I am really looking forward in Nov-December to be in Thailand once again but not only for pleasure this time.

I am really interested in finding a place, guest house or apartments for rent, like 10-15 rooms and make a decent living (in Thailand of course) out of it.

Areas like phuket, koh samui or even pattaya due to the amount of tourists that are visiting, i would prefer phuket but that depends on the market prices and where the best deal will present it self.

I have heard that you can rent a place like i mentioned above for all year round with approximately 400-500,000 baht per year??

Do you have any experience on the matter? and how much the cost of water and electricity can be every month? anything you can share with me will be appreciated.


Thanks a lot.

Thaidreamer


----------



## KhwaamLap (Feb 29, 2008)

Thaidreamer said:


> Hello expats!
> 
> I am really looking forward in Nov-December to be in Thailand once again but not only for pleasure this time.
> 
> ...



You could try: Buy or Sell a Thai Business - Thailand Forum or Classified ads business or Buy or Sell a Business in Thailand | Businesses for Sale in Thailand | Sunbelt Asia Co., Ltd

The former two are classified and the latter is a company that deals with foreign owned companies in Thailand and may well be of use setting it up legally (I have used them in the past and they are very forthcoming with info on the back of an out-of-the-blue email - great free information).


I have a commercial property in Chiang Mai (Cafe) - I bought the lease and pay a peppercorn rent (2,000 a month). Electricity is expensive in Thailand. Water is cheap. You can get BOI approval for a tourism related company (guest house/hotel) which will allow 100% foreign ownership (not the land though, just the business - you will probably have to lease the land/building).

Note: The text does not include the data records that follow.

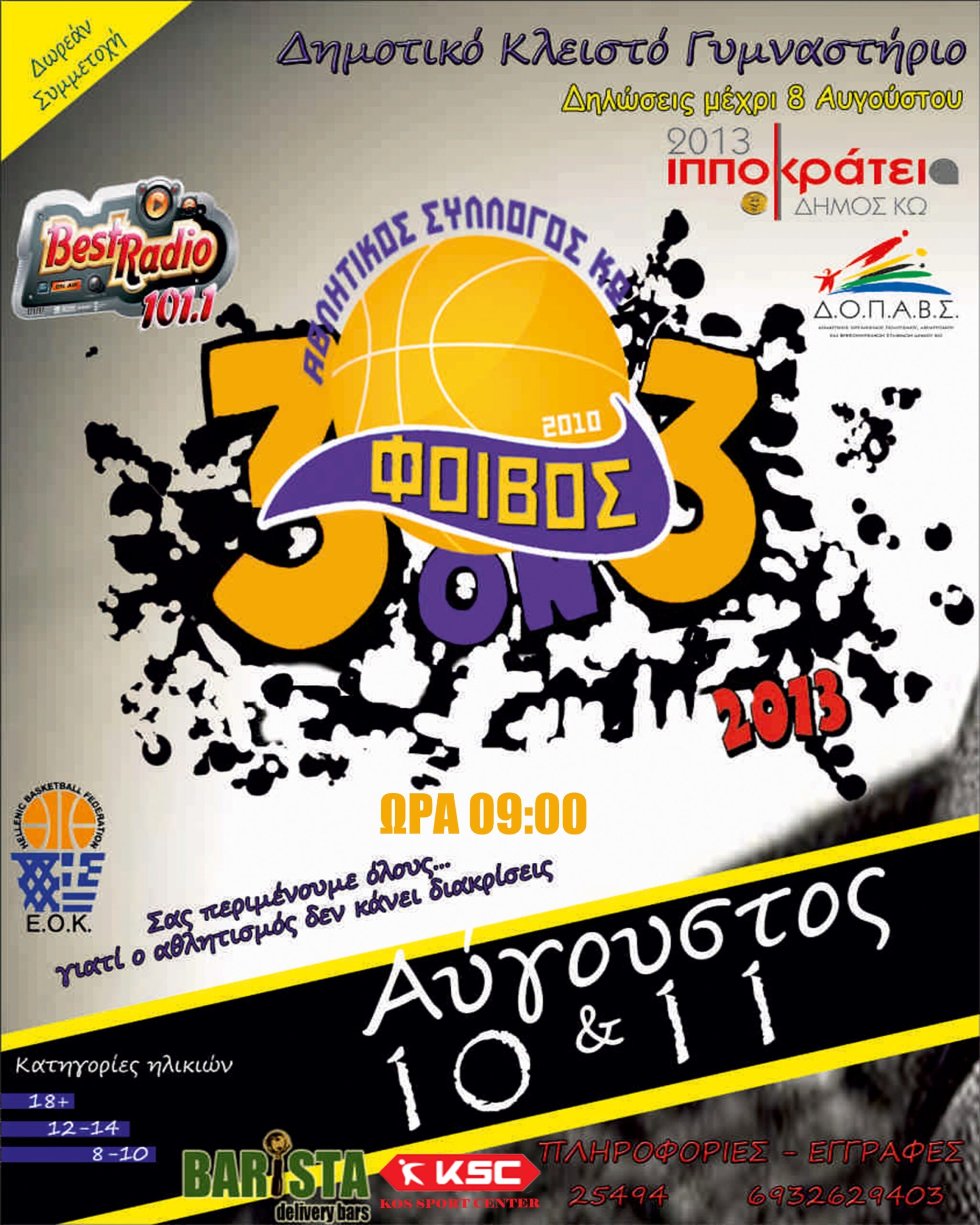 Ο Αθλητικός Σύλλογος Κω «ΦΟΙΒΟΣ» σε συνεργασία με τον Δημοτικό Οργανισμό Πολιτισμού, Αθλητισμού και Βρεφονηπιακών Σταθμών Δήμου Κω, διοργανώνουν Τουρνουά Μπάσκετ ««ΦΟΙΒΟΣ 3on3», το Σάββατο 10 και την Κυριακή 11 Αυγούστου 2013, στο Δημοτικό Κλειστό Γυμναστήριο Κω και ώρα 09:00.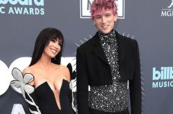机关枪凯利全身带刺超暗黑 带女友走告示牌音乐奖红毯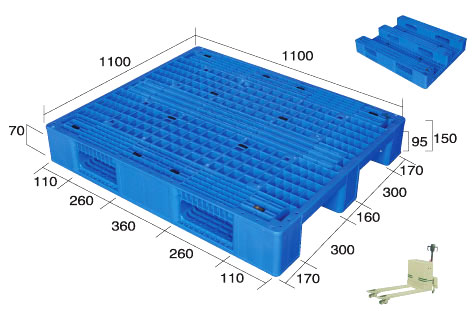 塑料托盤(pallet)是為了便于貨物裝卸、運輸、保管和配送等而使用的由可以承載若干數(shù)量物品的負(fù)荷面和叉車插口構(gòu)成的裝卸用墊板。它是物流產(chǎn)業(yè)中較不起眼,卻又無處不在的一種物流器具,是靜態(tài)貨物轉(zhuǎn)變?yōu)閯討B(tài)貨物的主要手段。盡管只有一米見方大小,卻“可以移動整個地球”,所以又叫做“活動的地面”、“移動的貨臺”。 塑料托盤的特點: 1、四面可插,操作方便; 2、既適合在倉庫中互相堆垛,又適合在各類貨架上使用; 3、適合各類卡車運輸,方便物料的集裝化、單元化運輸; 4、方便叉車、液壓托盤車等搬運工具作業(yè); 5、配合防滑橡膠,保證物料在搬運和運輸過程中不會滑落; 6、使用壽命長,且可循壞再用; 7、塑料托盤使用安全、衛(wèi)生、防蟲防蛀,無需修理。 塑料托盤的缺點: 受生產(chǎn)模具的影響(設(shè)計復(fù)雜、價格昂貴),塑料托盤結(jié)構(gòu)及尺寸隨意性差,生產(chǎn)企業(yè)必須不斷開發(fā),逐漸豐富其產(chǎn)品種類。但對于特殊尺寸要求,有時也無法滿足。 由于塑料托盤基本為一次成型,其破損后可修復(fù)性很低,破損一定程度后,只能報廢,但廢料可以回收。 采購時一次性投入較大,一般為木質(zhì)托盤的2—5倍。| ·上一條:鋼托盤 | |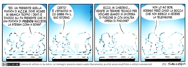 Bob: Ted, hai presente quella puntata di N.C.I.S. dove McGee si sbianca troppo i denti e DiNozzo gli fa presente che in una puntata di Friends succede la stessa cosa a Ross? – Ted: Certo! E’ l’episodio in cui Gibbs fa il suo ritorno. – Bob: Ecco, mi chiedevo… esiste un termine tecnico per indicare quando in un’opera di finzione si cita un’altra opera di finzione? – Ted: Non lo so Bob. Adesso però chiudi la bocca che non riesco a vedere la televisione.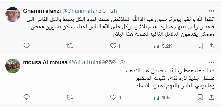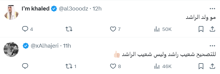 التغريدة الأولى: "والد الإعلامي شعيب راشد هو عراقي الجنسية واسمه الحقيقي (كتاب) وهو متوفي، جاء من العراق وانتسب لقبيلة الهواجر بالباطل لكي يحصل على الجنسية".

Have you much experience running such things? I ran a restaurant in the UK for a few years before coming here - and even so I do not run the cafe as an investment or even a money making scheme, but as a way of employing family and paying day to day bills.

Exchange rates and weak west are not in your favour I might add, there are less people visiting and prices are relatively more expensive here now.

I would stay clear of the apartment idea as you can't own the land, so at best you will be subletting. There are many empty properties here now and a lot of expats you sub let their condos are now feeling the pinch as they can't fill them.

Phuket can be a difficult area as well as it is very controlled by the local mafia - a lot of harassment and extortion is what I have been told by acquaintances who own bars and guest houses in the area.


----------



## Thaidreamer (Jul 25, 2009)

Thanks for your time KhwaamLap! much appreciated!

I have never had experience running anything like that no, i am a travel agent from Greece though and i have good skills when it comes to internet, websites and seo. I believe i can have my rooms fully booked. Chiang mai is wonderfull place, i spend about 2 weeks in july though i must say its not so crowded like south thailand.

I never though of it as an investment too, more like doing something that i love in a country i love and with a decent income to leave in thailand and to have a normal life, i don't care about luxuries as much as i care about being happy with what i do and my life in general...

Maybe its a bit early maybe not, but i am planning on coming over there for 2-3 months in November to start looking for something, if i can't do it or if i see that its pointless i will not proceed and i will return to my country till there is something over there that will worth giving my attention and my precious Euros.

harassment and extortion from the mafia or police... in the bar area i can understand but the guest houses too? so whats the worst thing that can happen? i dont worry about that though as much as i worry about doing business and signing contracts with people you can't trust, its always good to have a thai person next to you that you can trust. 

Things are not easy in Thailand, such a beautiful country but so difficult to blend in or to be accepted as a fellow human being...

Employment in a company, hotel or travel agency is out of the question after sending approximately 5000 cv and got like 5% replies which 3% of them was automated messages. ))))

Well nevertheless i still have some time to think it through.


Thanks again (and excuse my english)

Thaidreamer


----------